Son Dae-Ho (; born September 11, 1981) is a South Korean football player. Son is a tough defender who utilizes his own height and strong pressure. His nickname is 'tough guy' in K-League.

Club career 
In 2002, Son joined Suwon Samsung Bluewings, and in 2005, he transferred to Chunnam Dragons. However, he was traded with Kim Do-Kyun and transferred to Seongnam Ilhwa Chunma. In 2007, he contributed much to his team and Seongnam Ilhwa Chunma got second place in the league. However, in 2008, the coach changed from Kim Hak-Beom to Shin Tae-Yong due to the poor performance and he got traded Incheon United After that, in order to finish his military duty, he tried to enter Sangju Sangmu Phoenix.
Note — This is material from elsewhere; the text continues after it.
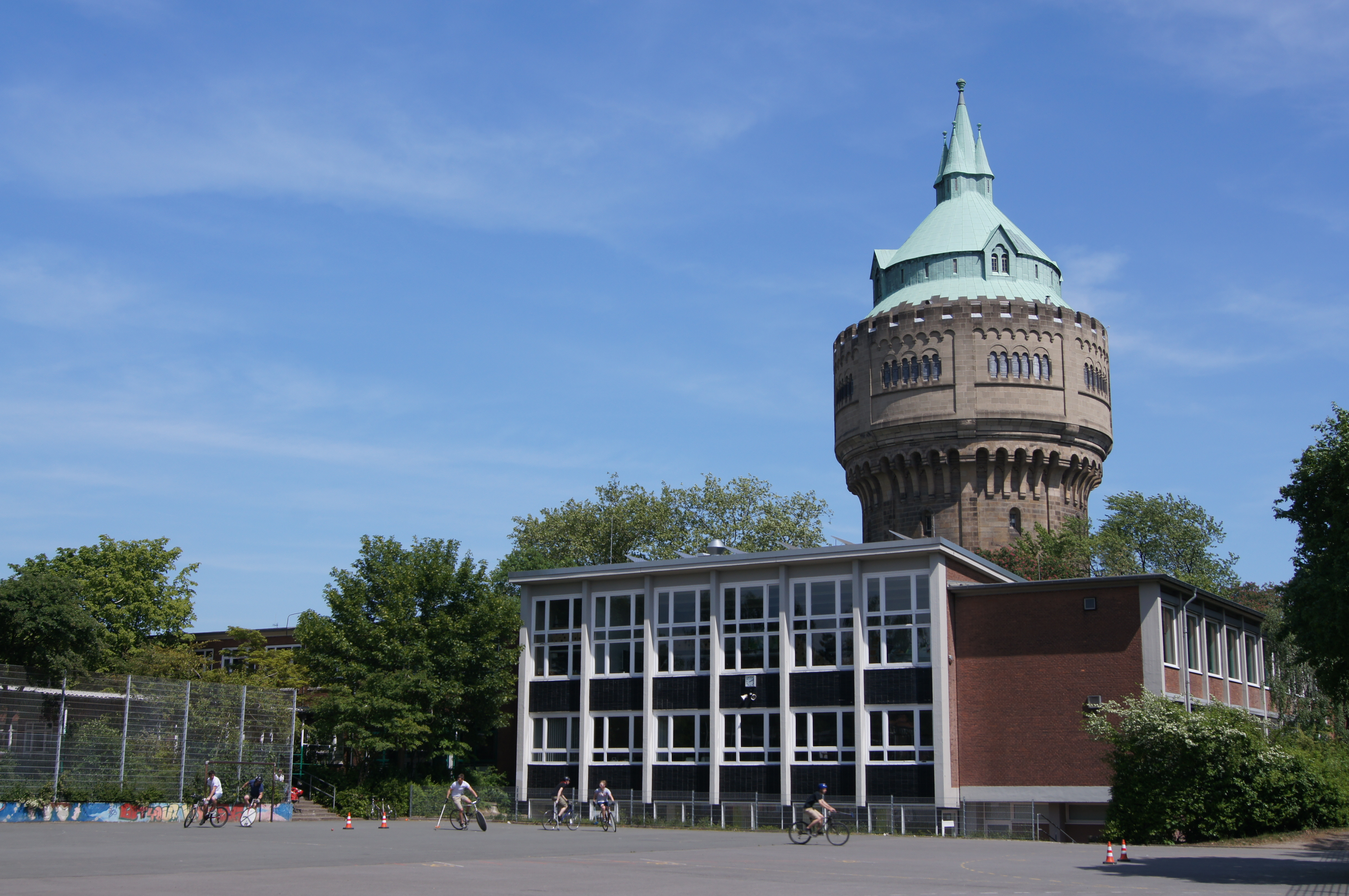 School yard of the Wilhelm Hittory Gymnasium in Münster, Germany.

But failed with date calculation, he got started the Social Service Personnel, the supplement system of the military duty. He returned to Incheon United in January 2012, playing as defensive midfielder for Incheon United with Kim Nam-il. His performance was prodigious in terms of both quantity and quality with his veteran experience in spite of his two years career break.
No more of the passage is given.